**Given information:**
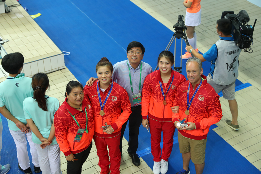 杨国庆院长等与史婧琳、张雨霏及教练合影
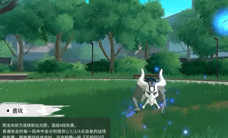 石田雨龙的普通攻击可以向前方连续的射出光箭,光箭可以给敌人造成4段式的伤害,每一段普攻在击中敌人的时候都会提供1、1、2、6点自身的战场技能量,当到了第四段攻击的时候还会积攒上一层灭却印记。
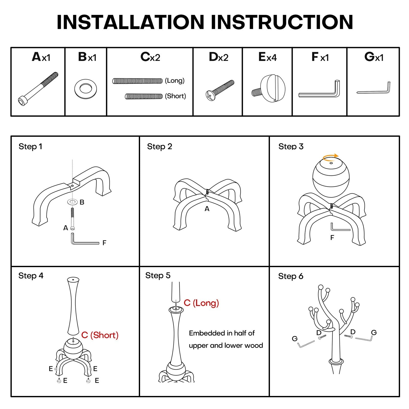 Tree-branch Rubberwood Freestanding Coat Rack with 8 Hooks...
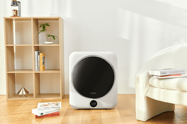 쿠쿠 미니케어 건조기는 3kg 용량에 배기호스가 필요 없다. 심플하고 세련된 외관으로 인테리어와의 조화도 고려했다. 전면부에는 LCD 디스플레이와 퀵 다이얼을 적용했다.
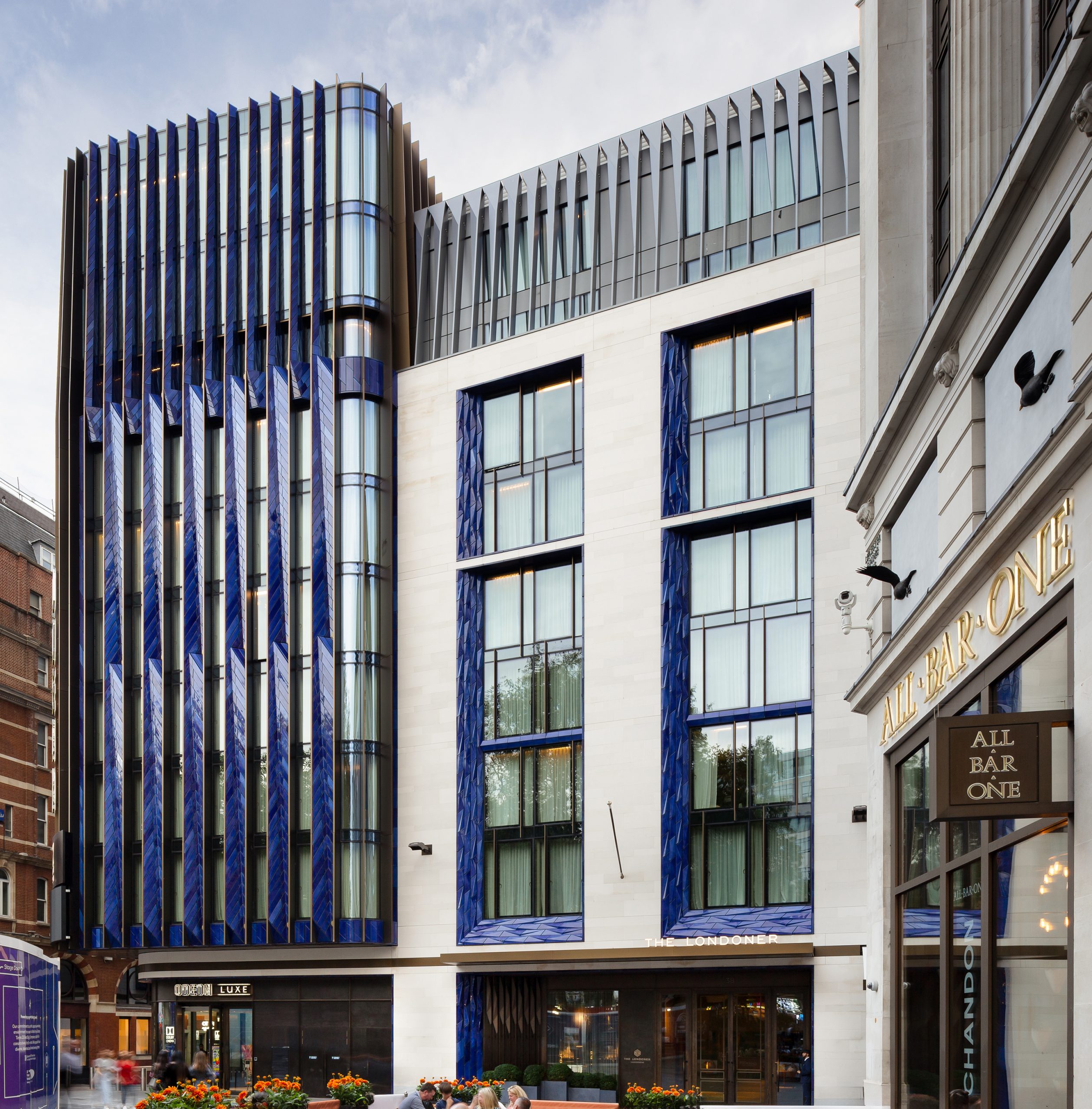 The Londoner’s façade is a combination of art meeting design, a collaboration between Woods Bagot, Grants and the artist Ian Monroe. The building is wrapped in a faceted, ultramarine blue faience skin made up of 30 different mosaic patterns and 15,000 of Grants hand-made terracotta tiles. We also manufactured and installed hand-set Portland stone for the façade, which gives careful consideration of the history and context of the local area. The Londoner stands at the intersection of four neighbourhoods, the detail and materials were designed to reflect and respond to each neighbourhood.
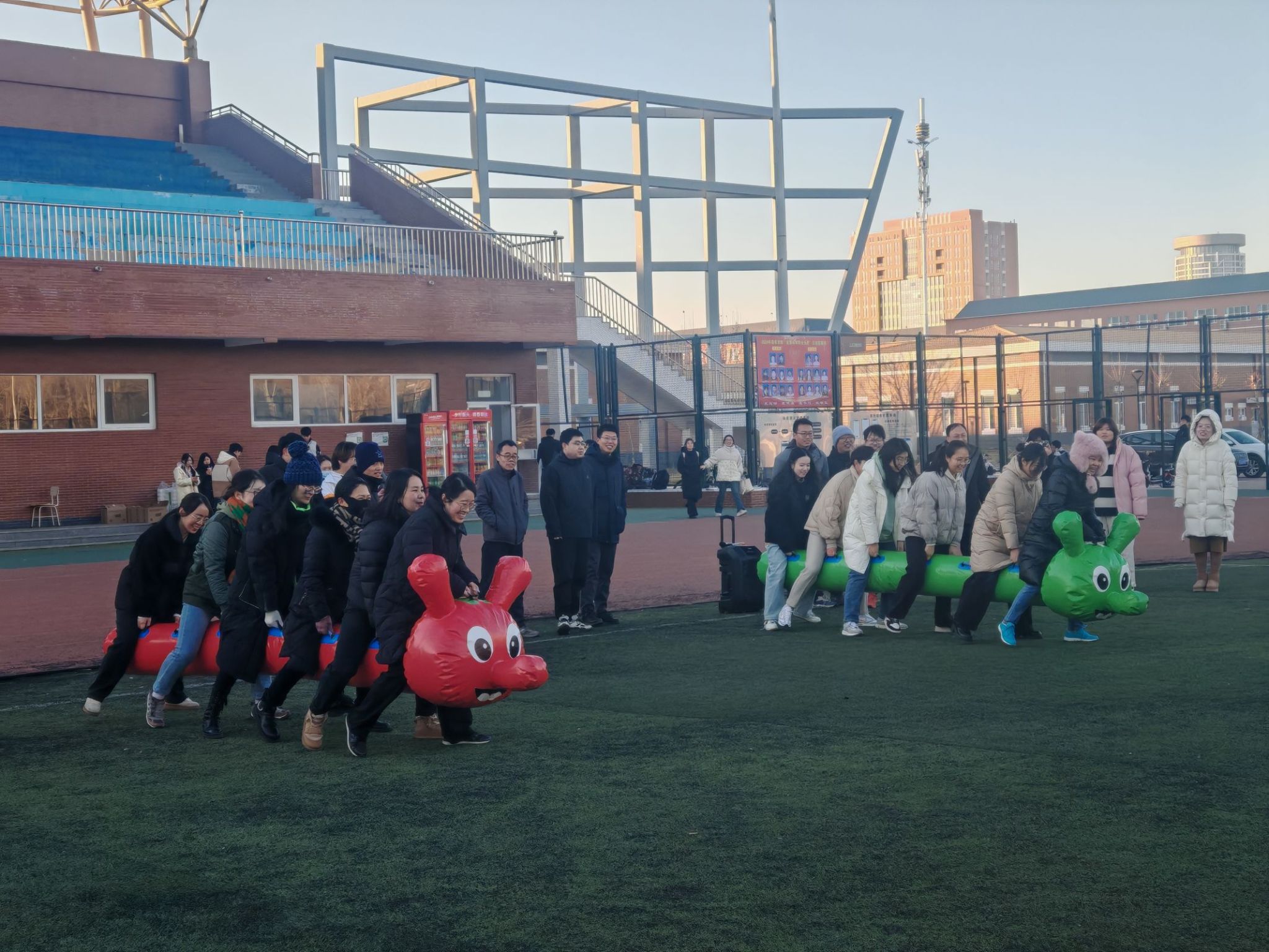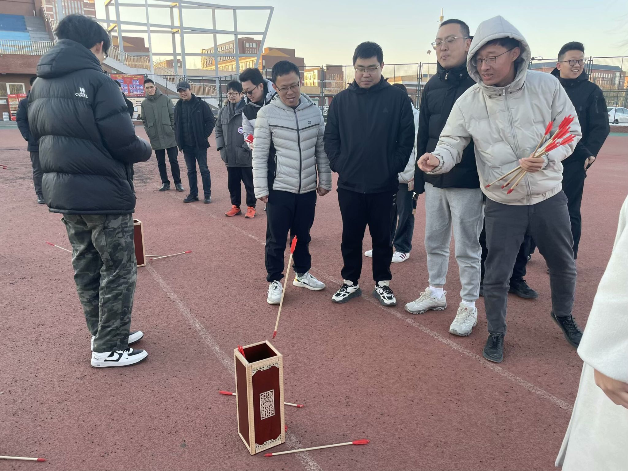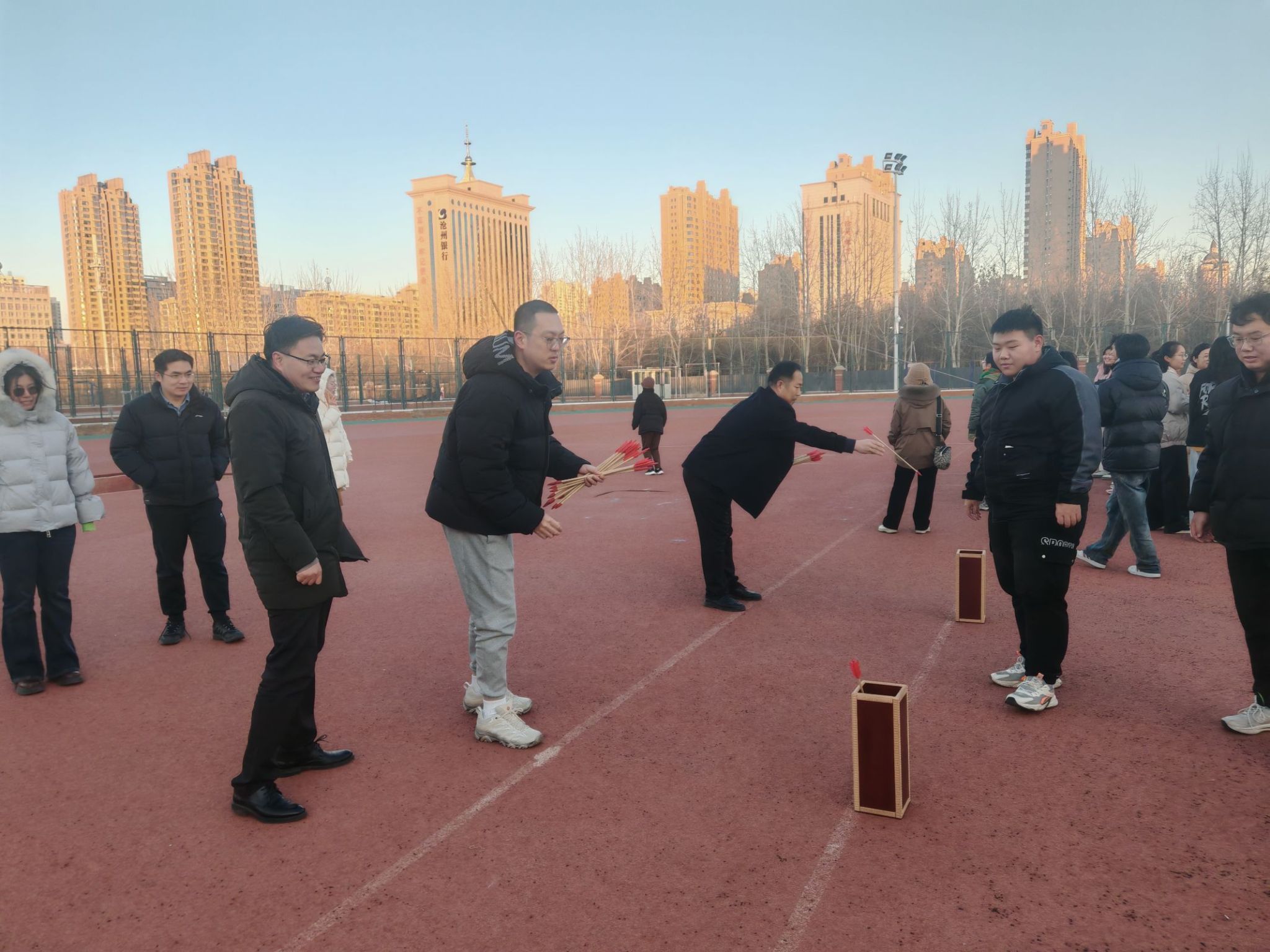 活动当天,阳光明媚,学生志愿者早早地布置好各类运动器材和道具。本次活动,六大趣味项目同时展开,“同心传杆”考验默契,老师们紧握长杆稳步挪移;“疯狂毛毛虫”里,大家骑坐道具,齐步向前,笑声不断;“两人三足”时,搭档们携手奔跑,步伐或踉跄或矫健;传统项目“投壶”,投出的箭矢带着专注与巧劲;五彩毽子上下翻飞,跳绳在空中舞出弧线。活动过程中,充满了欢声笑语,老师们在体育场上全情投入,尽情享受运动带来的快乐,现场响起阵阵掌声和欢呼,现场气氛热烈而融洽。
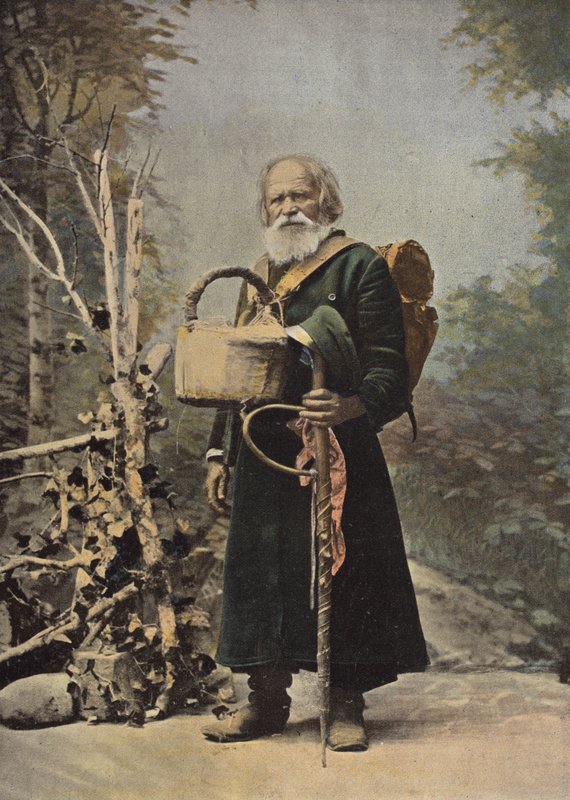 russie · russia · russians · russian · pelerin russe · pilgrim · christian · basket · knapsack · walking · stick · Private Collection / Bridgeman Images · / Look and Learn |
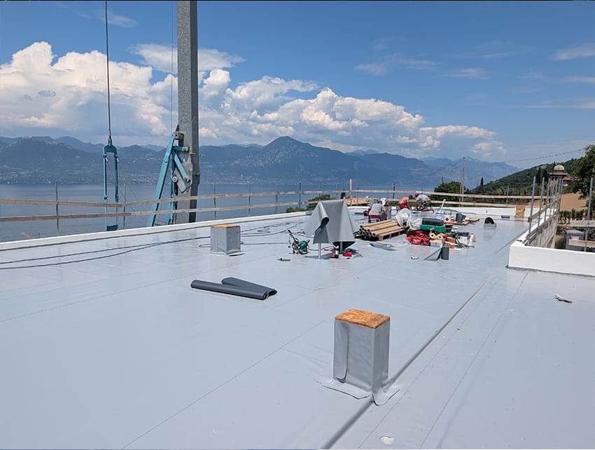Abbiamo seguito ogni fase della realizzazione in cantiere, controllando con precisione la qualità delle saldature, delle giunzioni, degli scarichi e dei dettagli verticali, per garantire la perfetta esecuzione secondo la norma UNI 11333-3 (posa) e UNI 11345 (controllo e progettazione).
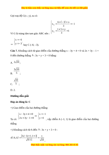 Đây là bản xem th , vu ử i lòng mua tài li u ệ đ xe ể m chi ti t ế (có l i ờ gi i ả ) G i ọ toạ đ C ộ (x ; y), ta có: 6 3 x x 1 G 3 1 5 y y 1 G Vì G là tr ng t ọ
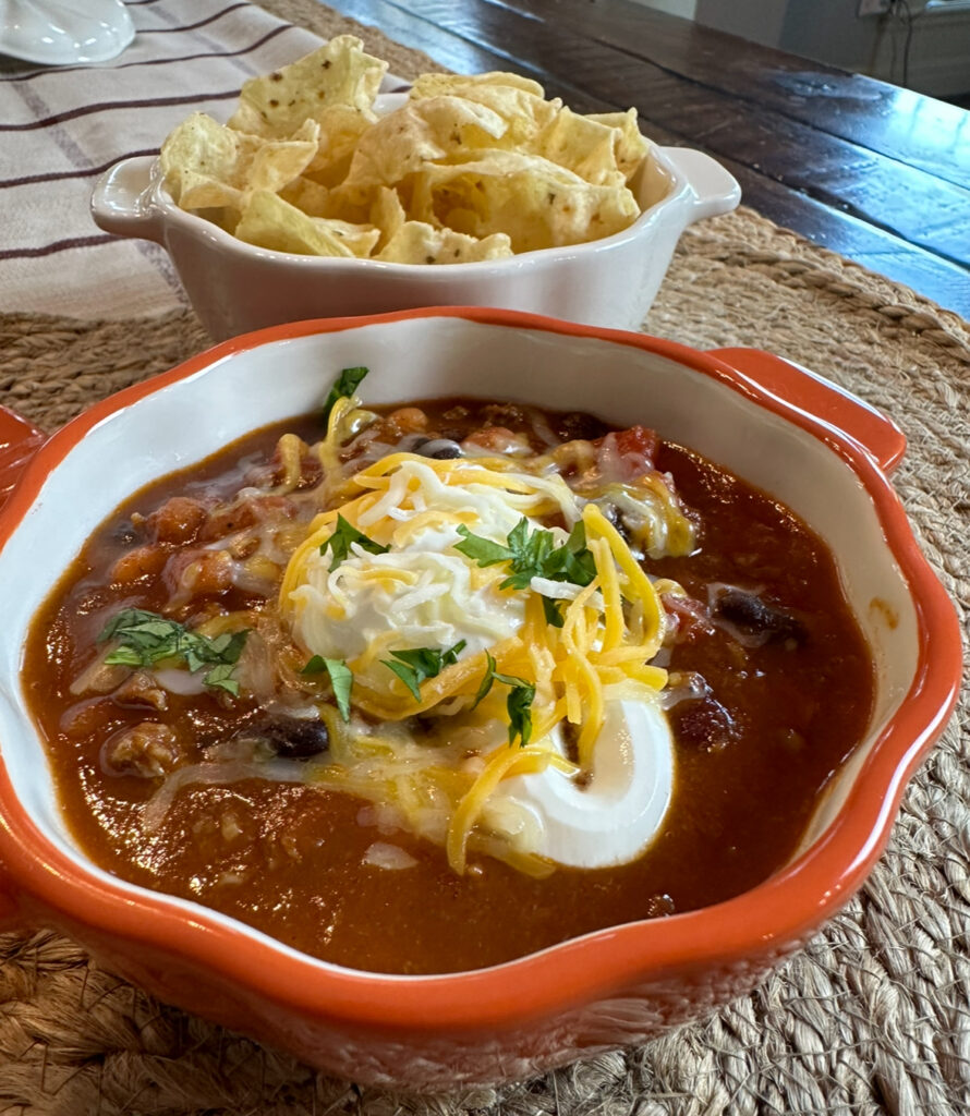 This taco soup/ chili is so so good! It is delicious! My whole family loves it! I entered it into a chili contest at a family event and won! I plan to make it for many more dinners. Thank you for the recipe, Crazy Busy Mama!
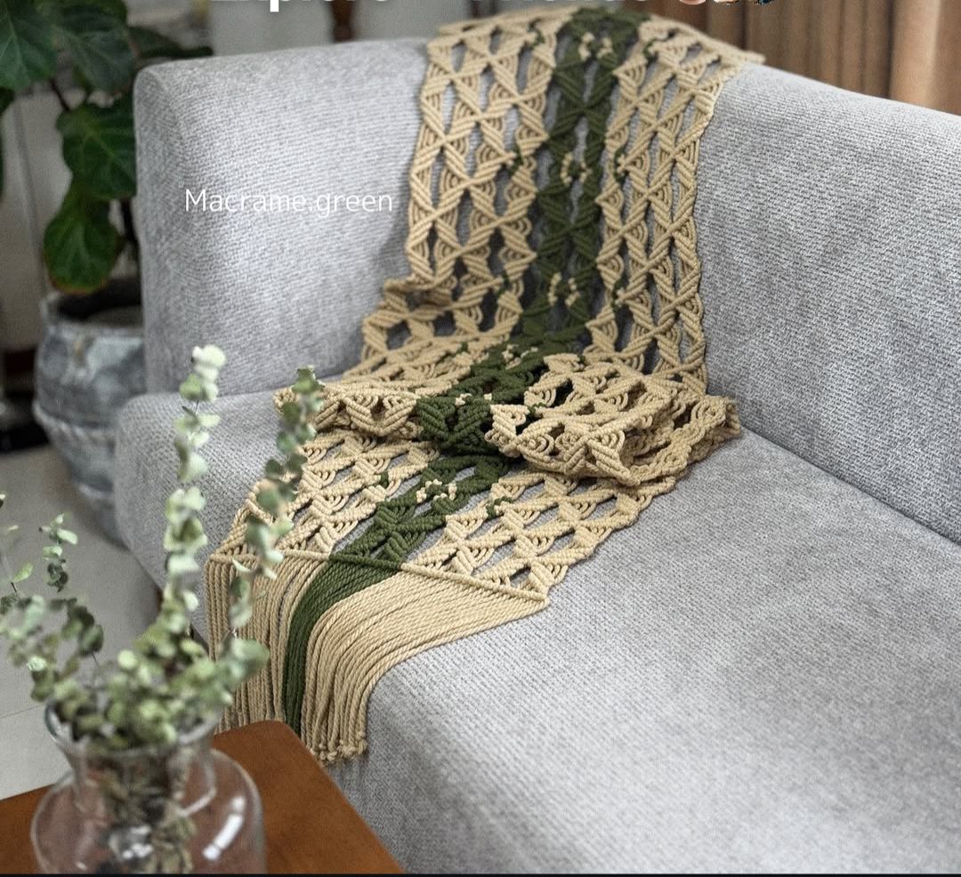 رانر رومیزی مکرومه طرح گره برجسته دورنگ رنگبندی و ابعاد به دلخواه کد 1298

**Prompt:** Both ends included, copy word for word the lines from the top of the entries above through the line with "russie · russia". No pictures.

**Exercise response:**
 杨国庆院长等与史婧琳、张雨霏及教练合影
 石田雨龙的普通攻击可以向前方连续的射出光箭,光箭可以给敌人造成4段式的伤害,每一段普攻在击中敌人的时候都会提供1、1、2、6点自身的战场技能量,当到了第四段攻击的时候还会积攒上一层灭却印记。
 Tree-branch Rubberwood Freestanding Coat Rack with 8 Hooks...
 쿠쿠 미니케어 건조기는 3kg 용량에 배기호스가 필요 없다. 심플하고 세련된 외관으로 인테리어와의 조화도 고려했다. 전면부에는 LCD 디스플레이와 퀵 다이얼을 적용했다.
 The Londoner’s façade is a combination of art meeting design, a collaboration between Woods Bagot, Grants and the artist Ian Monroe. The building is wrapped in a faceted, ultramarine blue faience skin made up of 30 different mosaic patterns and 15,000 of Grants hand-made terracotta tiles. We also manufactured and installed hand-set Portland stone for the façade, which gives careful consideration of the history and context of the local area. The Londoner stands at the intersection of four neighbourhoods, the detail and materials were designed to reflect and respond to each neighbourhood.
 活动当天,阳光明媚,学生志愿者早早地布置好各类运动器材和道具。本次活动,六大趣味项目同时展开,“同心传杆”考验默契,老师们紧握长杆稳步挪移;“疯狂毛毛虫”里,大家骑坐道具,齐步向前,笑声不断;“两人三足”时,搭档们携手奔跑,步伐或踉跄或矫健;传统项目“投壶”,投出的箭矢带着专注与巧劲;五彩毽子上下翻飞,跳绳在空中舞出弧线。活动过程中,充满了欢声笑语,老师们在体育场上全情投入,尽情享受运动带来的快乐,现场响起阵阵掌声和欢呼,现场气氛热烈而融洽。
 russie · russia · russians · russian · pelerin russe · pilgrim · christian · basket · knapsack · walking · stick · Private Collection / Bridgeman Images · / Look and Learn |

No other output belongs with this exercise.